Back home with his family, he developed a passionate commitment to Jesus and was eager to learn even more. He dreamed that someday he might even be able to be like Jesus, bringing healing and transformation to the lost.
“I was always drawing,” Cuong says, “using art to describe how I was hearing God’s voice.”
Service at Home and Abroad
Cuong earned degrees in theology and art at Walla Walla College and Andrews University. After completing his Master of Divinity degree at Andrews University, he returned to Oregon to serve as pastor of his own Vietnamese church in Portland, a position he has held for 22 years. In 2015 he wrote his dissertation for a Doctorate of Ministry in preaching.
“Of special value to me are the seven years I spent doing prison ministry in a maximum-security penitentiary. Those weekly visits and Bible studies inspired my love for Jesus and added new depth to my preaching, my writing, and my art.”
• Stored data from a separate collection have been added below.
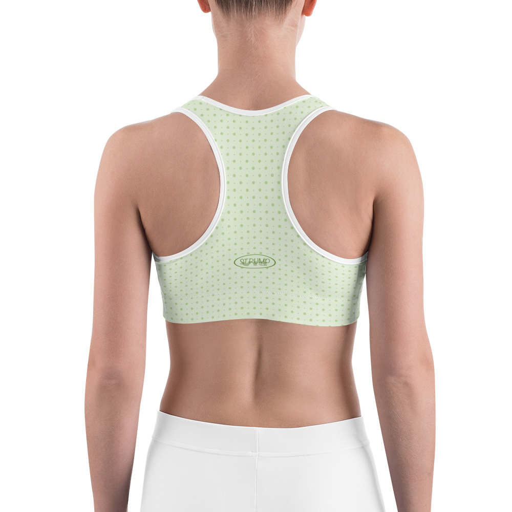 PRICKIG grön sport-BH. Bekväm med brottarrygg i ett mönster av stora och små prickar. De stora prickarna är ca 1/2 cm. Ärmhål och halsringning har vita kantband i mjukt material för att inte skava. BH:n är tillverkad i mjuk och bekväm fyrvägsstretch i mikrofiber av högsta kvalitet som transporterar bort fukten från huden. Den har bred resår under bysten och breda band på axlarna och dubbelt tyg i främre delen för extra stöd. Sömmarna är vita. BH:n är tillverkad i Europa.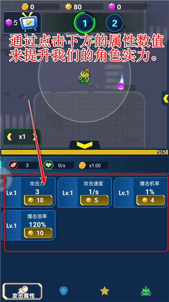 2.通过点击下方的属性数值来提升我们的角色实力。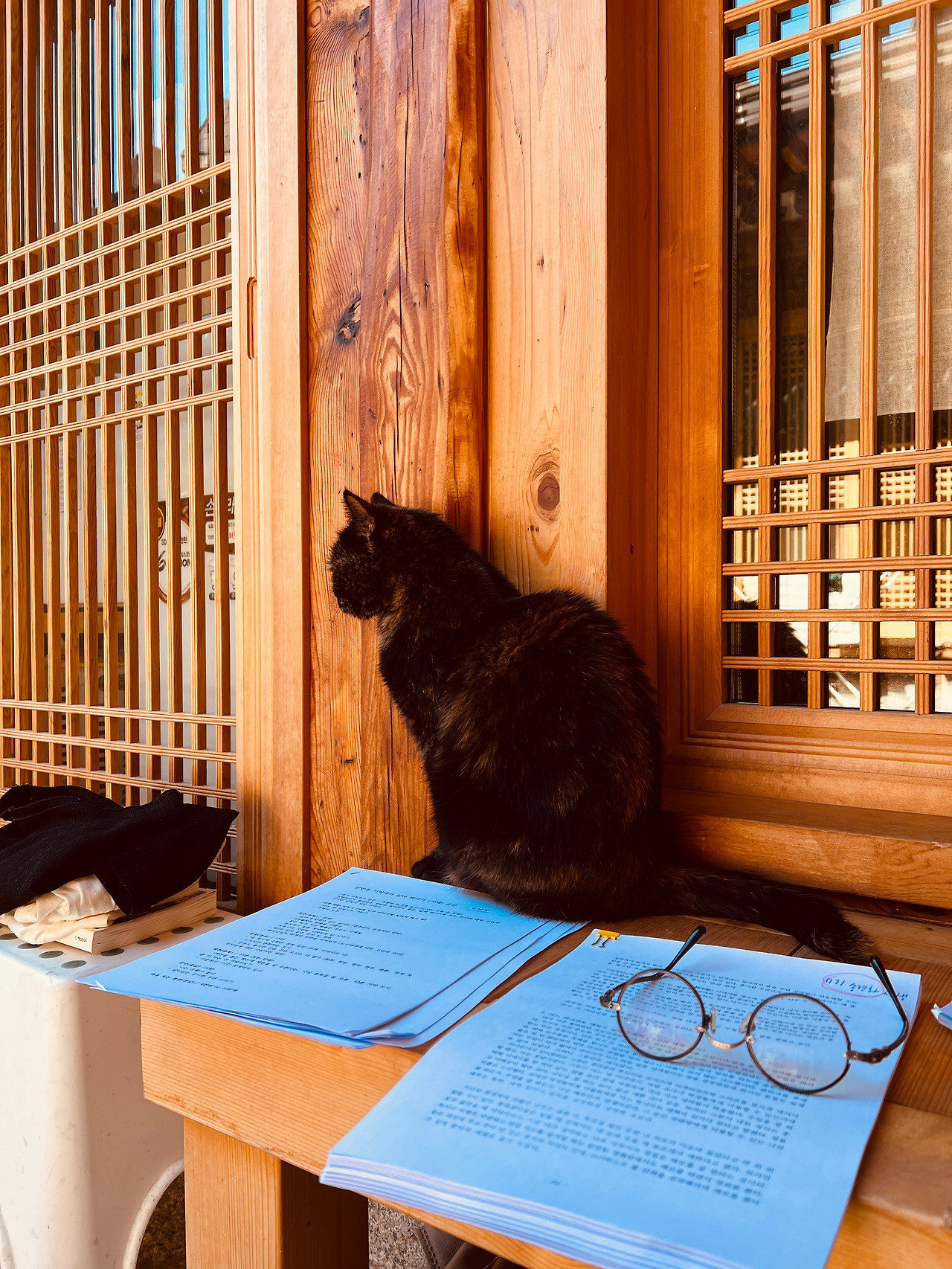 아침에 마당에서 소행성책쓰기 워크숍 7기 수강생분들의 원고를 읽고 있다가 아내에게 도촬을 당했다. 스티로플 박스 뚜껑을 간이 책상으로 해서 원고를 읽으면 필기도 할 수 있어서 좋다. 이번 기수도 나날이 필력이 늘어간다. 새가 지저귀고 고양이 순자가 돌아다니고. 한옥 마당의 아침은 여러모로 좋다.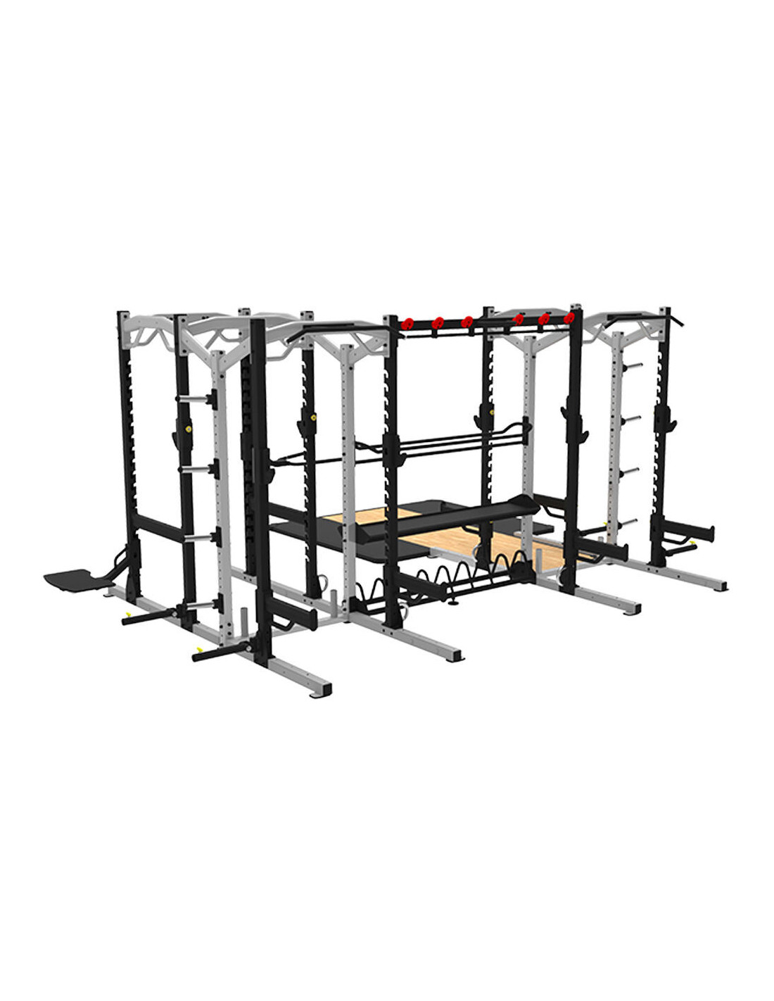 Cette riche variété de fonctionnalités et d'accessoires optionnels professionnels offrent de nombreuses possibilités d'entraînement pour un large éventail d'utilisateurs et les nombreuses combinaisons possibles satisferont les différents besoins des salles et centres sportifs, des centres de fitness, mais aussi des clubs orientés vers l'haltérophilie, l'entraînement fonctionnel, le crossfit, etc... Cet ensemble hautement fonctionnel ne manquera pas d'attirer l'attention dans votre club.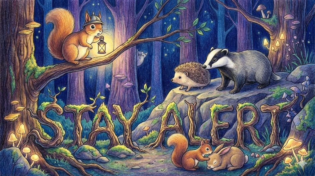 'alert'는 '깨어있는 상태(기민함)'와 '위험 신호(경보)' 두 가지를 기억해야 합니다. 사람은 stay alert해야 하고, 시스템은 red alert를 울립니다. 영화 이야기 전엔 spoiler alert를 잊지 마세요.

In 2010 the country of Vietnam gave Pastor Cuong permission to hold a seven-sermon evangelistic series in old Saigon, the first Adventist public evangelism since the end of the war. He preached several more series during the next several years, and in 2023, universities in Hue and Saigon invited him to give lectures to the art students. The pavilions were packed full, with students, professors, and administrators in attendance. Everyone stayed longer than expected, and the faculty was pleased.
“The university president in Hue has told other universities about our experience together, and now I have been invited to give professional lectures at five universities in my home country. They are also asking that I do an art show while I am there.”
Pastor Ngo’s ministry includes four weekly Zoom programs that have more than 1,000 subscribers from around the world participating each week. His classes are often about the beauty of God’s seven days of Creation, teaching students how to use art therapy to help heal hearts and guide listeners to follow God’s map to wholeness.
“I teach about how you can have freedom in your heart, freedom from your conscience, freedom to become whole and to thrive. The people are eager to learn, and crowds follow me to talk about my art and to hear more of God’s message.”
The carefully painted details in Pastor Cuong’s portraits tell stories, revealing truths about the person’s choices, challenges, and hopes. Look deeply into the eyes, and you will see God’s transforming love.
“I am very optimistic about life today, despite all the troubles in the world,” Pastor Cuong says. “I see life as beautiful. Whenever I feel discouraged, I walk into God’s nature, and there He heals me. It’s as if the flowers, grass, and birds all speak His love to me. That gives me hope and makes me whole again.”
“I want to go to heaven.” Pastor Ngo leans back in his chair beside his paints and brushes for a moment, allowing his mind to travel far away. “But while I’m here, I want to care for my brothers and sisters around the world, to help them see the beauty that God has placed all around them. Seeing that beauty will help them see how God is also growing His wholeness within them.”